What to work on: Below are some records. Print exactly the lines between the one holding "Меры предосторожности из-за" and the one holding "HUDY ALU ULTRA-LIGHT", inclusive, and nothing else.

Stored data entries:
^^^^

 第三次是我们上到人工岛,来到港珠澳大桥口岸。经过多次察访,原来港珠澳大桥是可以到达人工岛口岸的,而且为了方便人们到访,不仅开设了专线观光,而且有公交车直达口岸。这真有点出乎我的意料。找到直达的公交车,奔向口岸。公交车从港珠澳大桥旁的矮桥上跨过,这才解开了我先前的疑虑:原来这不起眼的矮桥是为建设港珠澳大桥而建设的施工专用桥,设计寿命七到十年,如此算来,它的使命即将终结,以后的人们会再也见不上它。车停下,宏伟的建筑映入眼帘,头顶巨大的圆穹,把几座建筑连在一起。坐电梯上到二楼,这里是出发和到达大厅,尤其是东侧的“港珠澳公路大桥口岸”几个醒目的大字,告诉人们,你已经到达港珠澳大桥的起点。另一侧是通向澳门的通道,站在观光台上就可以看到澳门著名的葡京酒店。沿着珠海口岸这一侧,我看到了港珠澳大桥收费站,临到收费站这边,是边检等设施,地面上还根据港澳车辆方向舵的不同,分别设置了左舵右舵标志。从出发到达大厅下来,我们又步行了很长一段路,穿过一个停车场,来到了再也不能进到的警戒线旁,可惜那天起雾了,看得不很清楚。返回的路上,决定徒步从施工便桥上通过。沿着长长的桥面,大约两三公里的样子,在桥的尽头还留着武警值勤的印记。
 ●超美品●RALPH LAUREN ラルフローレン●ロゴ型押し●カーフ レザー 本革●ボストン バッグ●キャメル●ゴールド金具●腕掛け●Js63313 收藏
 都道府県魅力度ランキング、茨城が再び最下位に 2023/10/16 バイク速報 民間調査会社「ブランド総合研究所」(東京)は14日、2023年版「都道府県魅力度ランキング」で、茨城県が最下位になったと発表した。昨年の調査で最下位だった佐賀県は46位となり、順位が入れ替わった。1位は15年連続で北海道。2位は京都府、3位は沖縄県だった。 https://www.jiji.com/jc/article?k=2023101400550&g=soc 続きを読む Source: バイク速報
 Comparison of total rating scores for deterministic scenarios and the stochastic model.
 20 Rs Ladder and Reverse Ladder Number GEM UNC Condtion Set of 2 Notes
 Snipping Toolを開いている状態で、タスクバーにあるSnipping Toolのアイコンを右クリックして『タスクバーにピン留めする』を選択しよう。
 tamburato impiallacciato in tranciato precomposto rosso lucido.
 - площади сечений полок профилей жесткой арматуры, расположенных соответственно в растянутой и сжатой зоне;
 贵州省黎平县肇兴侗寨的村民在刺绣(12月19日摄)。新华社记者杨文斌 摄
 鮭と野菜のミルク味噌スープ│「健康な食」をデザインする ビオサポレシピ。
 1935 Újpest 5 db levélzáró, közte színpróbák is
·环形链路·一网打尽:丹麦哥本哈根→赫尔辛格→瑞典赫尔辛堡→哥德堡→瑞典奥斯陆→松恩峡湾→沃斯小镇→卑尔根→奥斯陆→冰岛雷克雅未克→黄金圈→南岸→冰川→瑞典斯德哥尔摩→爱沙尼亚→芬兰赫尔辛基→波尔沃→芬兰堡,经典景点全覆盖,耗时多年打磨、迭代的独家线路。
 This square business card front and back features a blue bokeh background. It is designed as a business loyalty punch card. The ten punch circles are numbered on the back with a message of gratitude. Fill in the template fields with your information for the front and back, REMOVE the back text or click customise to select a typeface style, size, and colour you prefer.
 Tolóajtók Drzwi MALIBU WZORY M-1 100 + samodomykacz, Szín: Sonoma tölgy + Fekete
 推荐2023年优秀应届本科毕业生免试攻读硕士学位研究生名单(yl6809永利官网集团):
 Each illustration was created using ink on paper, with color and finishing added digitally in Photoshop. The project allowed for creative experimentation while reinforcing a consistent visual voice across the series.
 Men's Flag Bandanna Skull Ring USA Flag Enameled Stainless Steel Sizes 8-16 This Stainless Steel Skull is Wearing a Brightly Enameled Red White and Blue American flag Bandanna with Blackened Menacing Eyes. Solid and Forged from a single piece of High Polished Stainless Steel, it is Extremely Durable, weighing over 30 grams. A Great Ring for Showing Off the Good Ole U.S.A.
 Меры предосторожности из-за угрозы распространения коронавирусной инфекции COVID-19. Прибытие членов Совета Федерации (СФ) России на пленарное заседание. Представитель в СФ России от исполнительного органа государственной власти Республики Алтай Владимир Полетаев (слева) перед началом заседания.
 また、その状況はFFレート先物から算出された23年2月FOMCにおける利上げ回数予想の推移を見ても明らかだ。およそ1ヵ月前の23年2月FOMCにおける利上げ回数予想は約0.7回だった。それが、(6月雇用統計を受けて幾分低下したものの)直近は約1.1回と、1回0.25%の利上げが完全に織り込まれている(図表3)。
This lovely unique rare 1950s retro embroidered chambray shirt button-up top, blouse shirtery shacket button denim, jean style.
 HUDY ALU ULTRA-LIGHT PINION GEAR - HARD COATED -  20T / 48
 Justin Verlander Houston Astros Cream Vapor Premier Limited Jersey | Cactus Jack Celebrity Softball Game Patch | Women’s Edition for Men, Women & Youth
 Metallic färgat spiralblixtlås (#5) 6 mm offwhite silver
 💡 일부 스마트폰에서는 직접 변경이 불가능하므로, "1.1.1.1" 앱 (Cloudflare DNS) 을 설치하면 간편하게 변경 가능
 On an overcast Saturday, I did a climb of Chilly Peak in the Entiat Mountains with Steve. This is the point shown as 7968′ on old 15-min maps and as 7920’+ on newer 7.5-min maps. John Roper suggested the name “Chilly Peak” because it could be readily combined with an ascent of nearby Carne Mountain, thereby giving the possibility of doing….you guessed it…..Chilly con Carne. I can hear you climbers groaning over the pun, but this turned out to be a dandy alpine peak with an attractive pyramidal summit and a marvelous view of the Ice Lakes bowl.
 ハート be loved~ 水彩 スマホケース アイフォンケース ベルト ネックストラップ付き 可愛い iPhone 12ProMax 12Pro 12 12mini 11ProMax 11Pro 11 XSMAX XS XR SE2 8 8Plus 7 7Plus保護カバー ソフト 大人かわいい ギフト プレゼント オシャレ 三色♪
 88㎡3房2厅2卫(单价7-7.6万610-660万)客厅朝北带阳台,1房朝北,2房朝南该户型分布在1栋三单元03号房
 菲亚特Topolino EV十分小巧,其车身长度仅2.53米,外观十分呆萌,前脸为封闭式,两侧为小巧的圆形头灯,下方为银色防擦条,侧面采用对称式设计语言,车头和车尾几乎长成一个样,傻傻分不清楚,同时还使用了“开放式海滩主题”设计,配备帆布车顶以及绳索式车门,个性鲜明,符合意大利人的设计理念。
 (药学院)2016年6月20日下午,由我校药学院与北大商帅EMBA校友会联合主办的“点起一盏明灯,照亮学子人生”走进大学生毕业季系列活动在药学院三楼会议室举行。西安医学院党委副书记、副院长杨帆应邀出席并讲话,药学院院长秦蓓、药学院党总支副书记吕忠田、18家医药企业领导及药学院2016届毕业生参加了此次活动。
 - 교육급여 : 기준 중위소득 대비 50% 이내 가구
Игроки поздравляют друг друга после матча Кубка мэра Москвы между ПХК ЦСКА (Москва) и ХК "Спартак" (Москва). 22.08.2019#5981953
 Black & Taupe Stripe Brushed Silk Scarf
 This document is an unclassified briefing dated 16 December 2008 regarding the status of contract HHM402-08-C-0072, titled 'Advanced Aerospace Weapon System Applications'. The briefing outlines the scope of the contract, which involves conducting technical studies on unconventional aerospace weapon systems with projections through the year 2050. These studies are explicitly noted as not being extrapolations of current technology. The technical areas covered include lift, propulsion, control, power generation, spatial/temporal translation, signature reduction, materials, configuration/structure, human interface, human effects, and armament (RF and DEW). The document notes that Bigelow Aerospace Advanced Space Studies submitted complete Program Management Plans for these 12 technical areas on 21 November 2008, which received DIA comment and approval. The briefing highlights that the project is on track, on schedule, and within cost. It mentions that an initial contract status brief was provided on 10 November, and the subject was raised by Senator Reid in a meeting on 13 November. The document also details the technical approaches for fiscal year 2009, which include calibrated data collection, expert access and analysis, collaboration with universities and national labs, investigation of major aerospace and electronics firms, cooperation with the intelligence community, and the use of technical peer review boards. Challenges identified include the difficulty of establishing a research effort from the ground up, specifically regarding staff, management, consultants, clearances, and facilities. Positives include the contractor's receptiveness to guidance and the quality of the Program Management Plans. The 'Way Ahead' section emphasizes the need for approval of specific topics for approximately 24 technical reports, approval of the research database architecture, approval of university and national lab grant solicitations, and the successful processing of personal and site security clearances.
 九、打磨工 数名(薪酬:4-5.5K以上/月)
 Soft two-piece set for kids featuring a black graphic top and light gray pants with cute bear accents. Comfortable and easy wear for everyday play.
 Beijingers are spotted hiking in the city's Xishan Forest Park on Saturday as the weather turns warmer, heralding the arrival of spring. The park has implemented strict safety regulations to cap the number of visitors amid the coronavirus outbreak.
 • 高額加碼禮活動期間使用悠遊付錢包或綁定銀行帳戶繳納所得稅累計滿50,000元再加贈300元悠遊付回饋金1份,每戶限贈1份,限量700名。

^^^^

Reply:
 Меры предосторожности из-за угрозы распространения коронавирусной инфекции COVID-19. Прибытие членов Совета Федерации (СФ) России на пленарное заседание. Представитель в СФ России от исполнительного органа государственной власти Республики Алтай Владимир Полетаев (слева) перед началом заседания.
 また、その状況はFFレート先物から算出された23年2月FOMCにおける利上げ回数予想の推移を見ても明らかだ。およそ1ヵ月前の23年2月FOMCにおける利上げ回数予想は約0.7回だった。それが、(6月雇用統計を受けて幾分低下したものの)直近は約1.1回と、1回0.25%の利上げが完全に織り込まれている(図表3)。
This lovely unique rare 1950s retro embroidered chambray shirt button-up top, blouse shirtery shacket button denim, jean style.
 HUDY ALU ULTRA-LIGHT PINION GEAR - HARD COATED -  20T / 48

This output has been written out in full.